Corneal blindness trending, overall and by cause, is difficult to determine based on the WHO 2002 and 2010 reports, cited above. Trachoma, corneal opacities, and onchocerciasis have decreased from 9.5% to 7%, but "undetermined" causes of blindness have increased from 13% to 21%. Keratitis, a leading cause of ocular morbidity, is correlated to socio-economic conditions with economic improvements and active Vitamin A deficiency programs occurring in many regions. In contrast, trauma is estimated in southern India to be 26% of the source of corneal blindness, with 71.4% occurring before the age of 15 years in urban areas and no sign of the annual rate of occurrences declining. Traditional medicines are still cited as a key cause of corneal ulceration, with no trends identified. Corneal dystrophies and bullous keratopathy are additional key causes of corneal blindness, with greater significance in the developed world.

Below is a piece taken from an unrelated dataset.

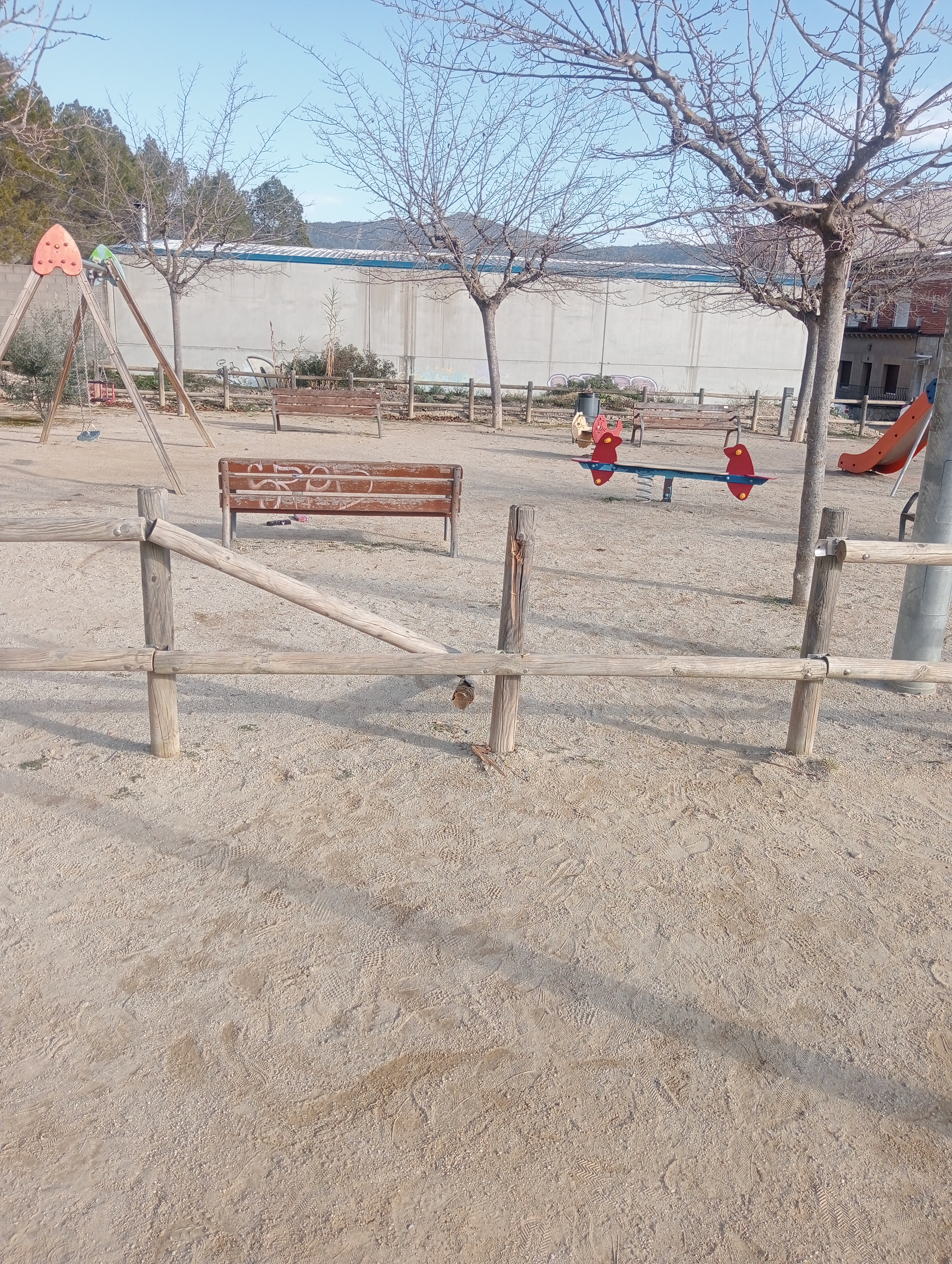El parc està malmès, falta una corda y el tros trencat talla molt. Si es pasa la mà per a sota de la corsa trencada surten unas punxes metálicas.Es molt perillós pels infants més petits que els hi ve a la seva alçada. GraciasVP202300006210/04/2023

The burden of corneal blindness on the community is not just reflected by the prevalence, but also by the younger age of those with corneal blindness, with very high disability adjusted life years (DALYs), relative to cataract blindness. A Hyderabad population-based study identified the average age for blindness caused by cataract to be 68.5 (n = 21) and the average age for blindness caused by corneal opacities to be 5.0 (n = 4). [5] While the sample size is too small to project a specific age delta, it illustrates that corneal blindness impacts many in their most productive years and indicates that the corneal blindness population could have a greater total DALYs than the cataract blindness population.


  Preventing Corneal Blindness - Public Health Progress Top


Nearly 80% of all corneal blindness is avoidable. [1] At a rudimentary level, corneal diseases are highly associated with poverty and lead to a marked reduction in life expectancy, especially among corneal blind children. As nutritional health and public sanitation improves in the world's poorest communities, an expected reduction in the incidence of corneal blindness should follow. There are several broad initiatives aimed at reducing corneal blindness worldwide being managed through primary health interventions:

Trachoma

In 1998 the WHO Alliance for the Global Elimination of Blinding Trachoma (GET 2020) was created with the goal of eliminating trachoma by the year 2020. The promotion of the SAFE strategy (S - eyelid surgery, A - antibiotics, F - facial cleanliness, and E - environmental improvements to reduce transmission) is the favored approach. This continues to be a collaborative success story with trachoma elimination confirmation over the past 5 years occurring in several Middle Eastern countries (Saudi Arabia, Oman), North America (Mexico), and, most recently in 2009, a Sub-Saharan African country (Ghana). However, the news is not all positive as the most recently available worldwide data shows that 14 countries continue to shoulder 80% of the trachoma burden with 110 million persons living in confirmed hyper endemic trachoma areas. [9] An estimated 4.6 million persons are estimated to have trichiasis and to be at high risk of developing corneal blindness. The international trachoma initiative (ITI) continues to facilitate mass treatment of hyperendemic area with oral Azithromycin. Encouragingly, the reported numbers of people affected by trachoma appears to be steadily declining although epidemiological reliability remains a major challenge. [10] Elimination of the scourge of trachoma is plausible and the total cost of implementing the SAFE strategy in all remaining known endemic countries is estimated at $430-$748 million. [9]

Onchocerciasis

Through collaborative global health efforts, new cases of river blindness-related corneal opacity have decreased to the point of being eliminated in the Americas and in some areas of Africa. While onchocerciasis is not "eradicable", continued vigilance and distribution of Ivermectin on a large scale in endemic countries has diminished what once was a leading infectious cause of blindness.

Vitamin A deficiency

Keratomalacia still remains the leading cause of new blindness in children and significantly increases the risk of infant mortality. Estimates range from 250,00 to 500,000 new cases of corneal blindness a year. [11] Vitamin A deficiency is being managed through primary health interventions including widespread vitamin A distribution, promotion of breast-feeding, fortification of food, and counseling regarding dietary changes. National programs aimed at linking eye health to maternal and child health programs with a strong focus on prevention of ophthalmic neonatorum and vitamin A deficiency are especially important for continued success.

Primary eye care health

Community-based eye care workers are the workhorses for the prevention of worldwide corneal blindness. Primary prevention is particularly relevant for vitamin A deficiency, ophthalmia neonatorum, trachoma, prevention of eye injuries, the early diagnosis and treatment of corneal ulcers, and discouragement of the use of harmful traditional eye remedies. [12] Primary eye health workers are likely the most cost effective current means of addressing corneal blindness in countries with minimal health care infrastructure and low cataract surgical rates. The continued strengthening of primary eye health in the world's poorest places is paramount to reduce incident rates of corneal blindness.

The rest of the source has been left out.